The Economist, bless its heart, has been outstanding throughout, including last week when it published a credible model for the true scale of the pandemic. That recalled an interview at the start of the pandemic with Bill Gates. Gates calmly predicted that the pandemic would probably kill 10 million or more, over 3-5 years, concentrated in the poor world. He was spot on, but few listened, and those who listened and could have acted did nothing helpful. Do we learn? Gates recently published a book with a practical plan to alleviate climate change. The Guardian, amongst others, was rather scathing, its main complaint being that Gates is rich.

 

Gates’ foundation shows the sort of miracles humanity is capable if we only pull together. The pandemic has also spurred wonderful innovation, not least via the vaccines. It is wonderful, but also sad, that it took a pandemic in the rich world to accelerate development of a malaria vaccine. We have all changed behaviour, and have tamed the flu as a result. 

 

The pandemic also accelerated advances in telemedicine and IT enabled education.
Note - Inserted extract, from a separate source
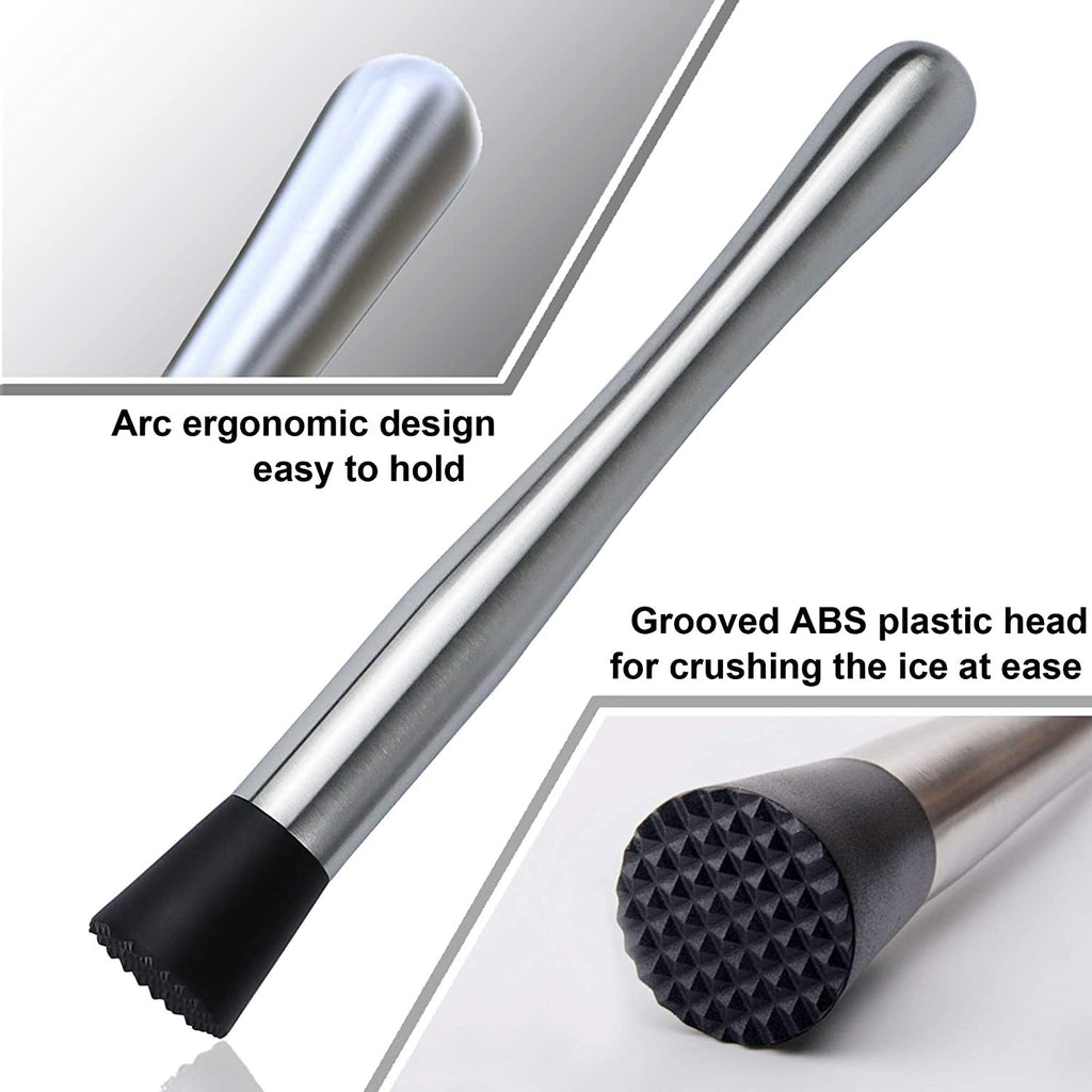 Alta calidad y seguro, el mortero de cóctel está fabricado de acero inoxidable duradero y de grado alimenticio con cabeza de silicón libre de BPA.

It has also been partly responsible for a significant positive shift in prevailing economic policy, finally casting aside the damaging Thatcher/Reagan era.

 

So my God has achieved many miracles at the level of humanity over the time of the pandemic. But the personal miracles are wonderful as well. Who has not woken up one or more days of the last fifteen months with a tell tale deep cough, and wondered if the end might be nigh? I certainly did, and, horrible though that experience is, it does help me to remember to love and be kind (at least occasionally), to be thankful, and to savour all the miracles offered in my life, taking nothing for granted ever again (until I do). Last Saturday I sang once again in public performance while not wearing a mask. What a joy that was.